Come detto in precedenza, le integrazioni e modifiche sostanziali all’articolo 178 del Regolamento europeo che accompagneranno la manovra a partire da quest’anno sono:
EBA/GL/2016/07
E’ l’orientamento che precisa, in seguito al recepimento della normativa prudenziale internazionale contenuta negli Accordi sul Capitale del 2006 – il famoso Basilea 2 – l’utilizzo dei metodi interni di rating IRB ( Internal Rating-Based ) per il calcolo dei requisiti patrimoniali ai fini della valutazioni d’insolvenza delimitate dalle soglie di rilevanza. Metodologie suddivise in metodo di base e metodo avanzato, utilizzati a seconda del tipo di credito e dei parametri di valutazione utilizzati dalle diverse banche. I metodi IRB permettono di raccogliere ed elaborare insiemi di dati ed informazioni ai fini della formulazione di valutazioni relative a:
- garanzia e sicurezza del credito presunto, attribuendo al consumatore un grado di merito e quindi un rating
- rischiosità delle operazioni creditizie
REGOLAMENTO DELEGATO (UE) 2018/171 DELLA COMMISSIONE del 19 ottobre 2017
Parte integrante della nuova normativa che, oltre a definire in miglior modo i criteri con cui stabilire le “soglie di rilevanza” precedentemente illustrate, fornisce un’utile notazione sulla fase operativa delle varie fattispecie. Il documento chiarisce che:
l’autorità competente ritiene che la soglia di rilevanza corrisponda a un livello ragionevole di rischio, secondo i criteri di cui all’articolo 178, paragrafo 2, lettera d), del regolamento (UE) n. 575/2013, quando la soglia non determina il riconoscimento di un numero eccessivo di default imputabili a circostanze diverse dalle difficoltà finanziaria del debitore né ritardi significativi nel riconoscimento dello stato di default dovuto alle difficoltà finanziarie del debitore.

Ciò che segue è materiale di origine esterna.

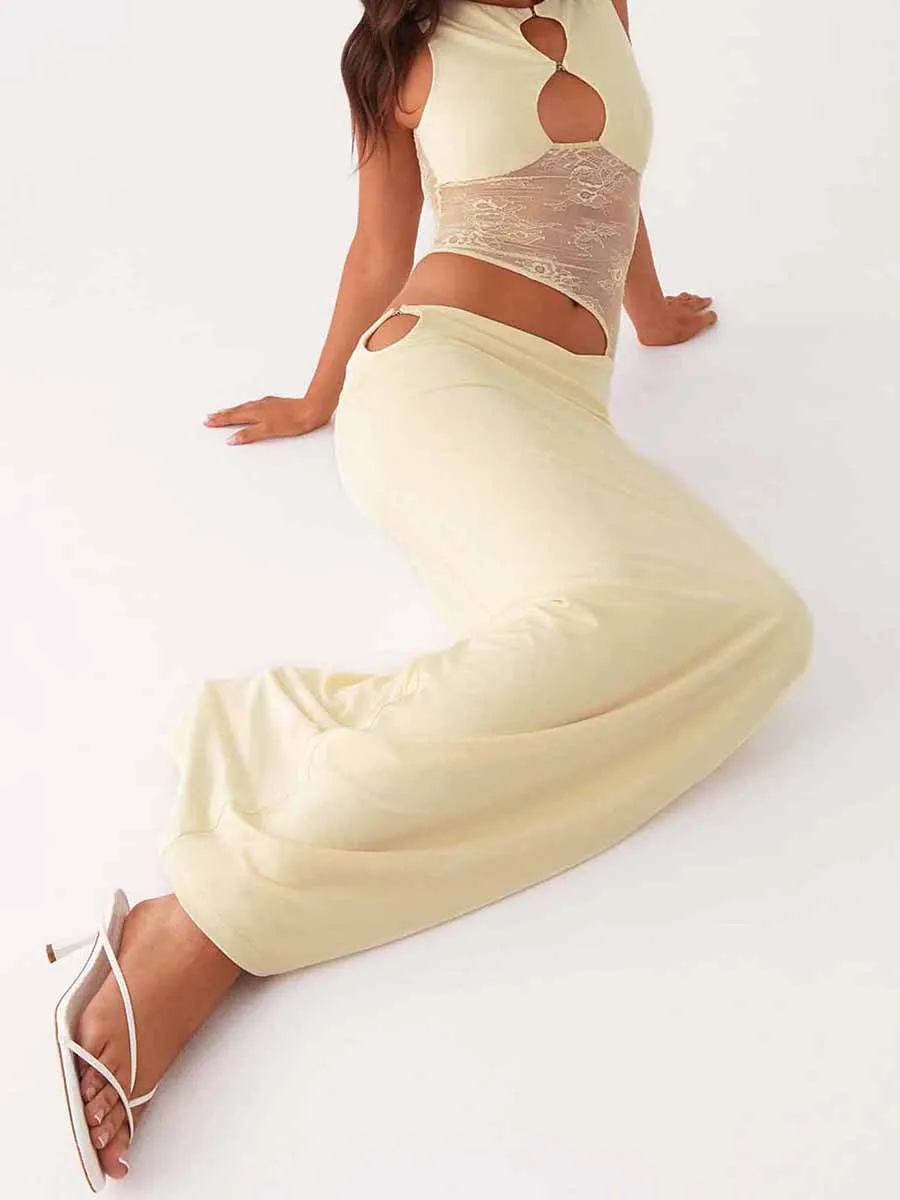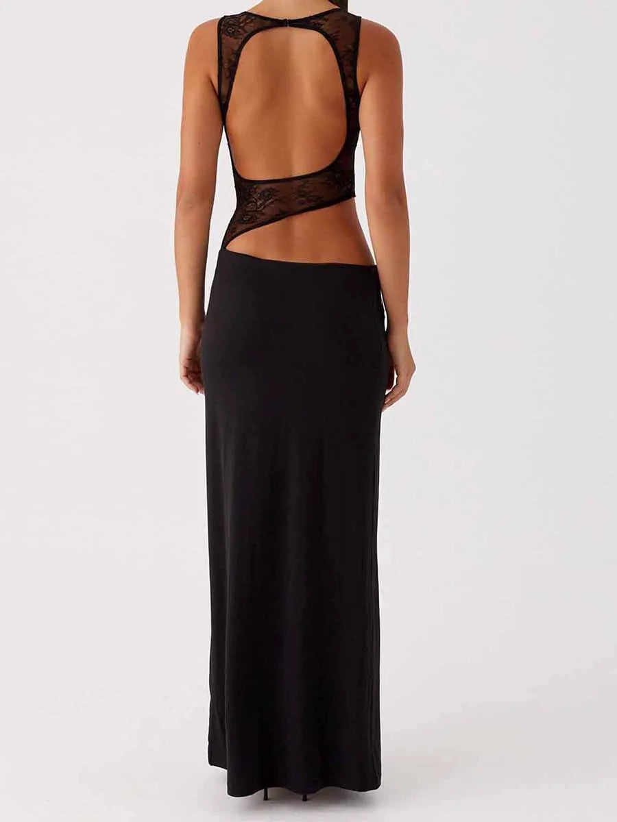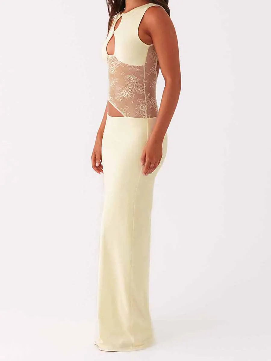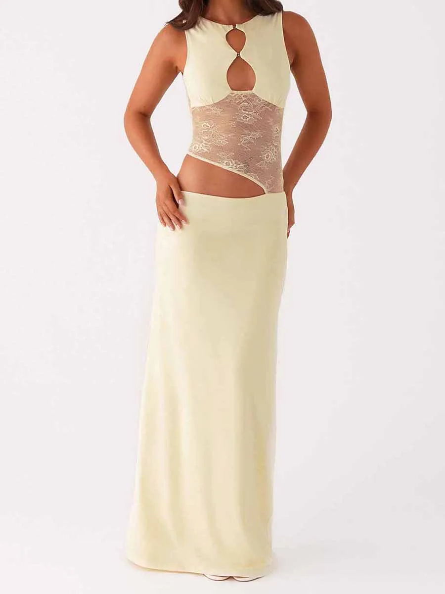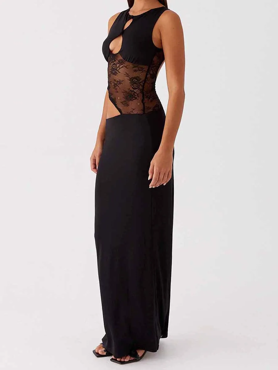 Women Long Dress Lace Patchwork Hollow-Out Sleeveless Dress Summer Casual Fashion Bodycon DressSize (cm)
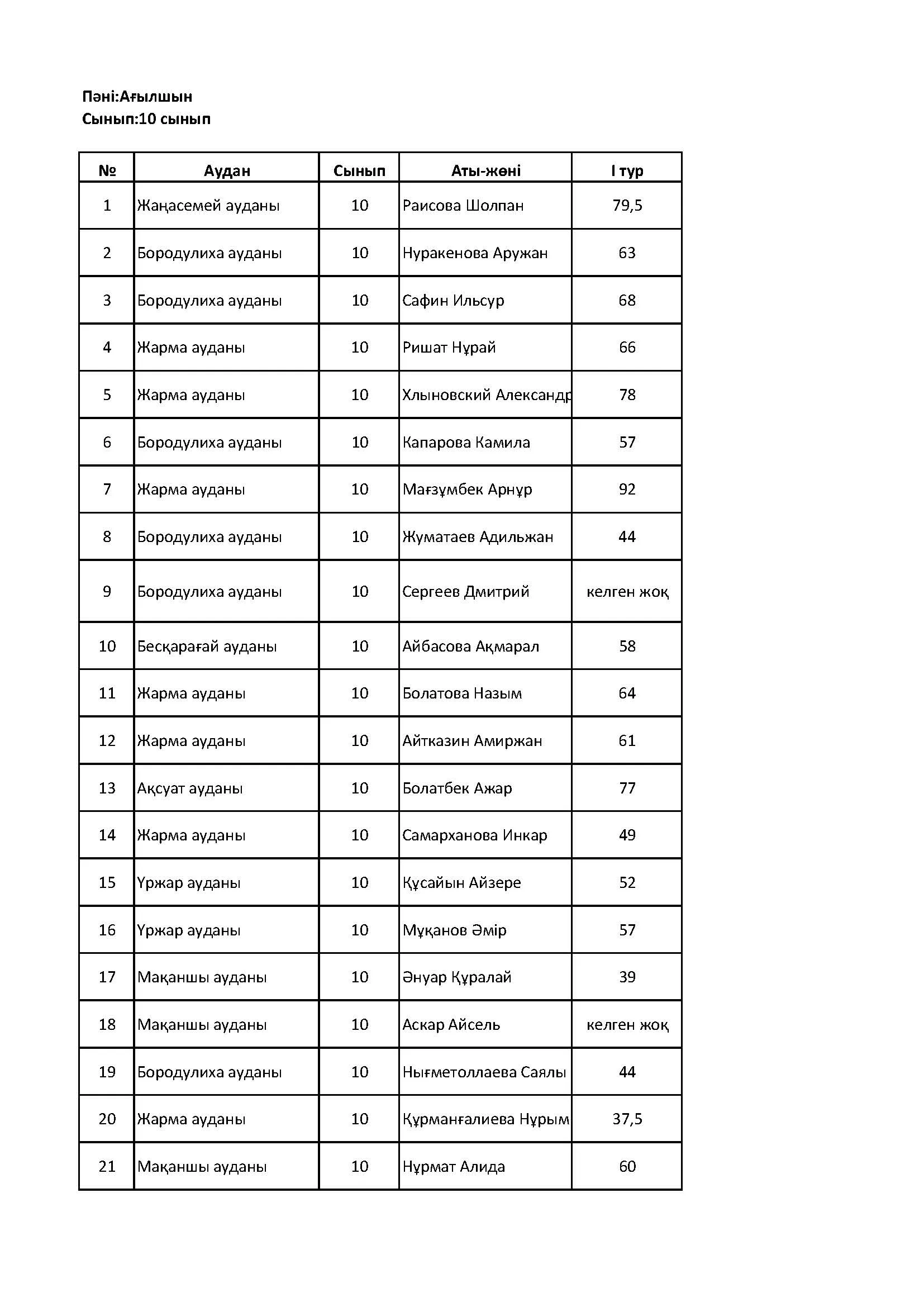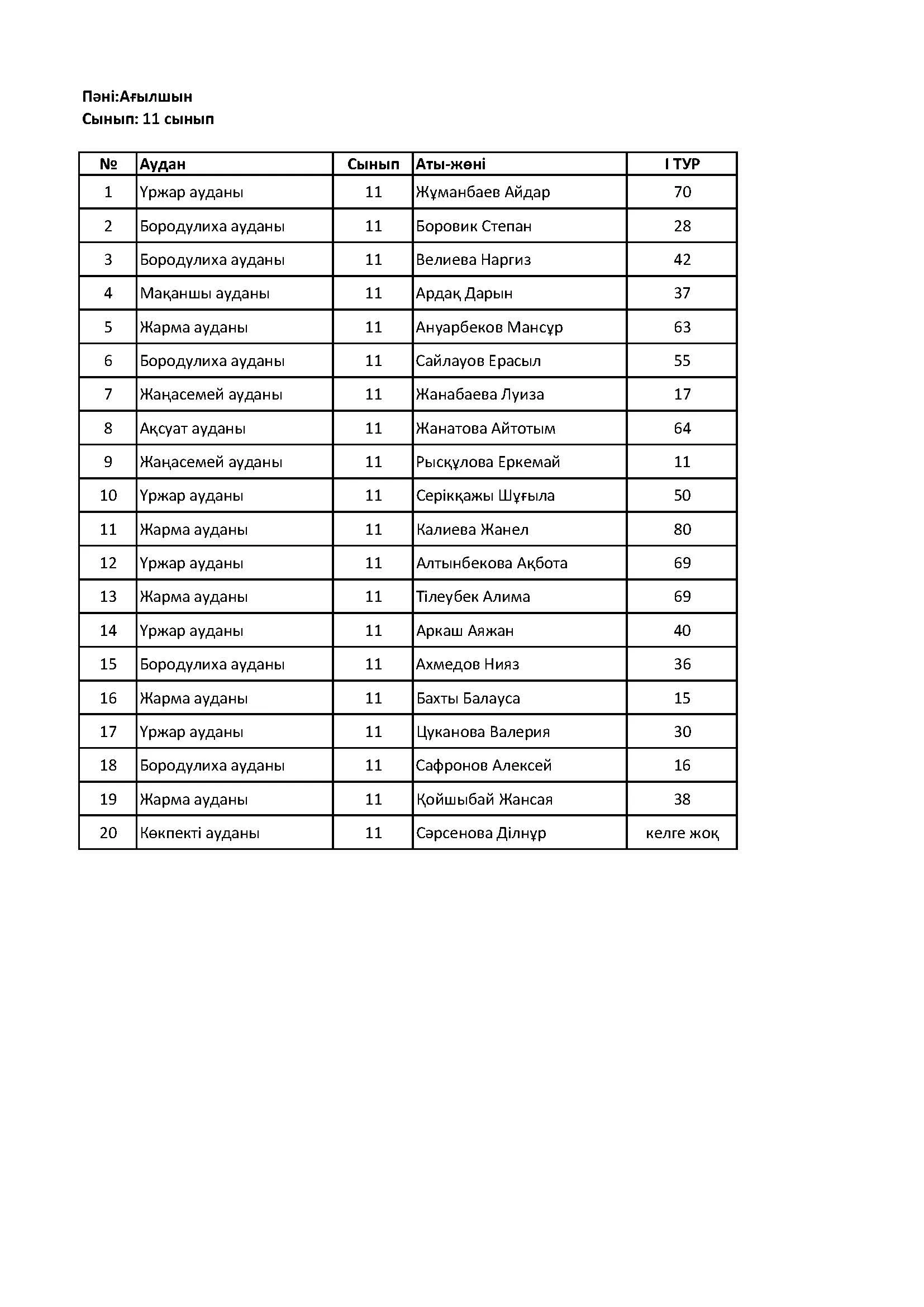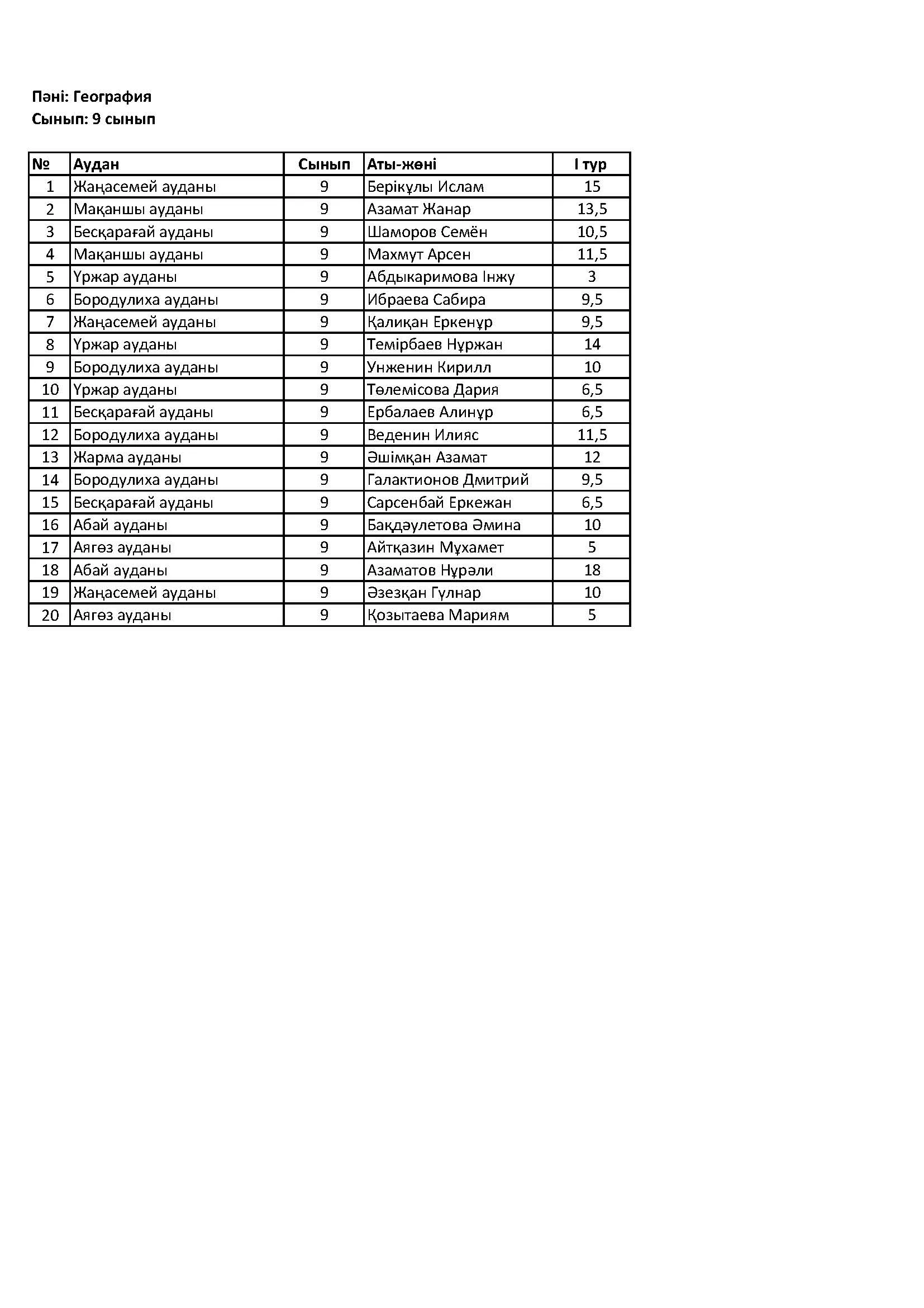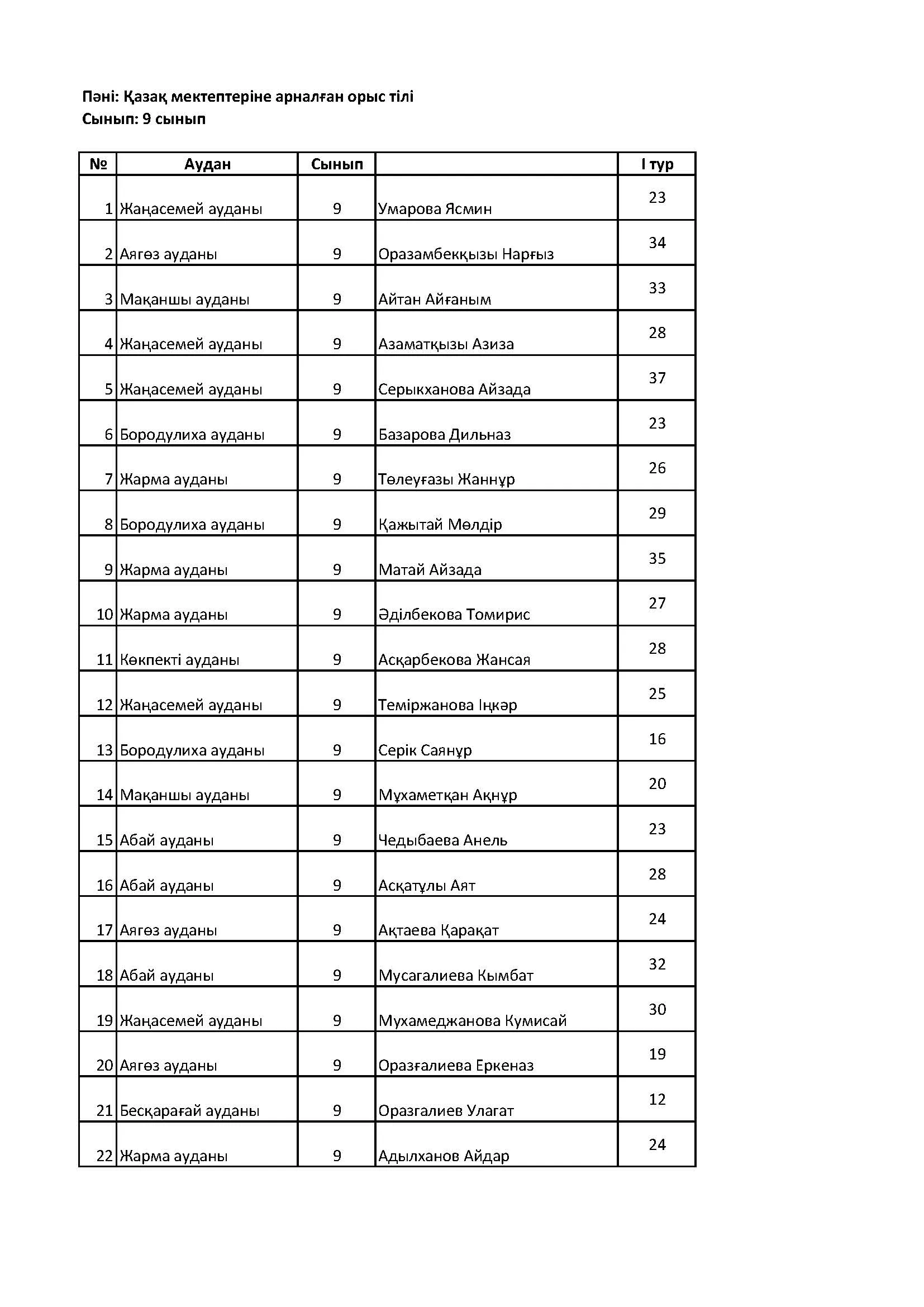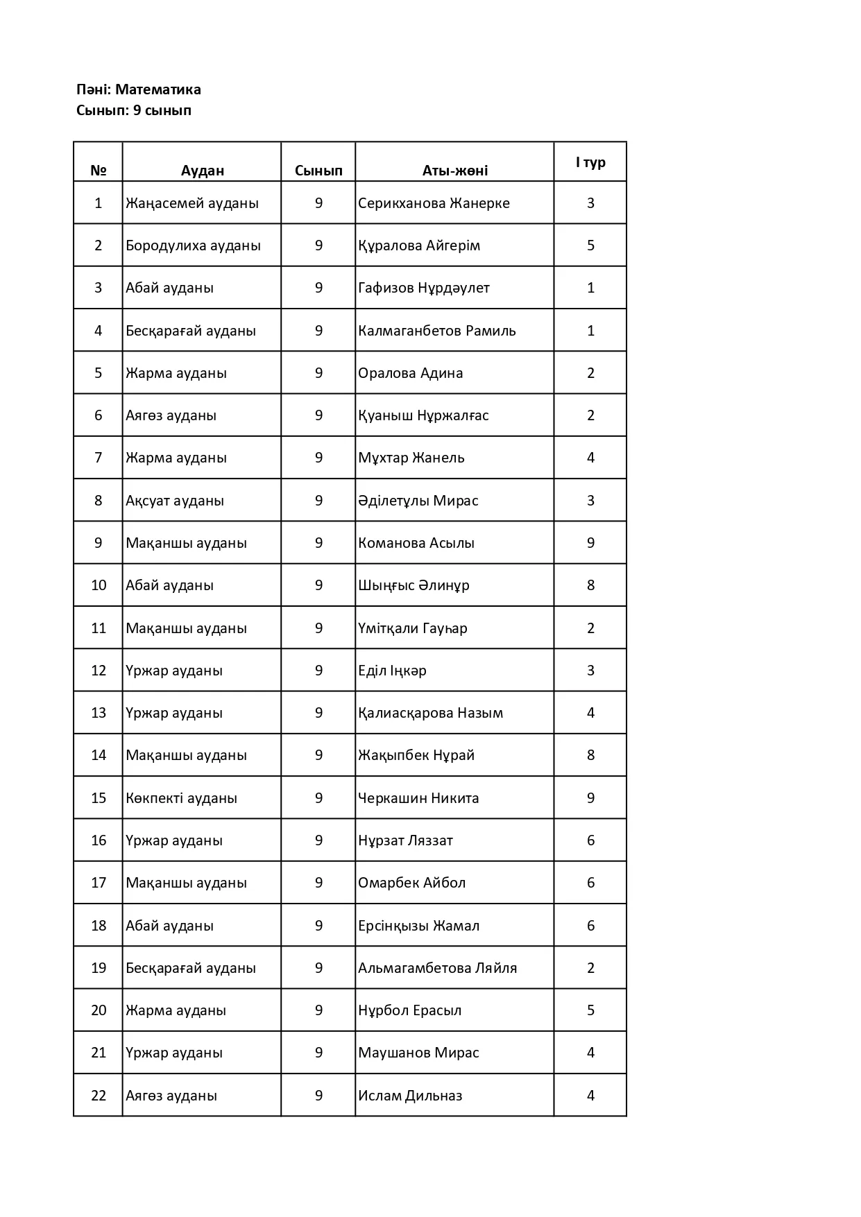 Итоги Областного этапа республиканской олимпиады по общеобразовательным предметам для учащихся 9-11 (12) классов сельских школ (1 тур) Дарын Орталығы 28.10.2025

Cosa potrà comportare nel lungo periodo?
Maggiori implementazioni al sistema di vigilanza prudenziale potranno sicuramente rendere più efficienti gli stessi sistemi di controllo bancari, garantendo una maggiore gestione dei dati; applicare un rating agli assets rischiosi permette in primis una maggiore copertura dei comparti meno gestibili e in secondo luogo analisi di mercato più precise. Se si mette in conto che lo stesso comportamento dei consumatori potrebbe essere plasmato positivamente sulla gestione di portfolio, il gioco è fatto.